Science of Learning - Srini Pillay, M.D.

Published in Spring 2023

Are you one of those people who has been ignoring the metaverse because it sounds like some trendy technology that has no relevance to you? Well, I’m writing this article to compel you to open your mind to the metaverse movement, because it’s happening. It’s time to stop dabbling and get serious about virtual reality (VR) and metaverse-based learning, and to follow the examples of companies like Bank of America, Takeda, Novartis and Bristol Myers Squibb, who have strategic plans and serious budget commitments to scale VR across the enterprise.

What is the connection between learning and well-being?

While you may be familiar with learning in the metaverse or VR, you may be wondering what this has to do with well-being.

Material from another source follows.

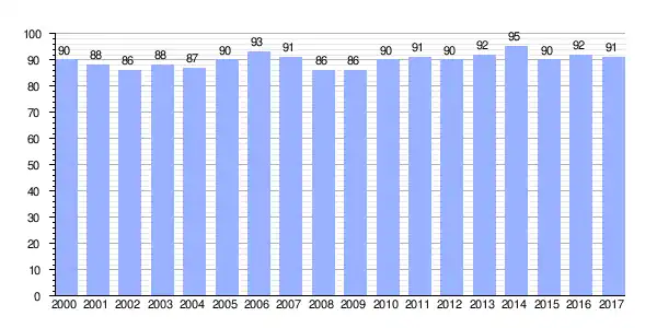 | Gráfica de evolución demográfica de El Valle[2] entre 2000 y 2017 |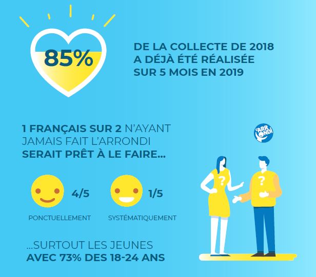 De fait 1 français sur 2, n’ayant jamais fait l’arrondi solidaire serait prêt à le faire, dont 41 % ponctuellement et 9 % systématiquement. En extrapolant ces données, ce serait donc 25 millions de français qui seraient prêt à réaliser dans la durée des actions d’arrondis solidaires.

Apart from stress and anxiety reduction improving learning by opening the brain to new information, there’s a new kind of learning that will be fundamental to your organization, and it’s called reskilling for well-being.

When I work with organizations, most people know that they’re burned out and that they need to make changes, but they either have no time for it, don’t know where to start or struggle to make it a habit. The metaverse offers an opportunity for learning and development (L&D) to facilitate self-care.

Why is the metaverse uniquely suited to well-being?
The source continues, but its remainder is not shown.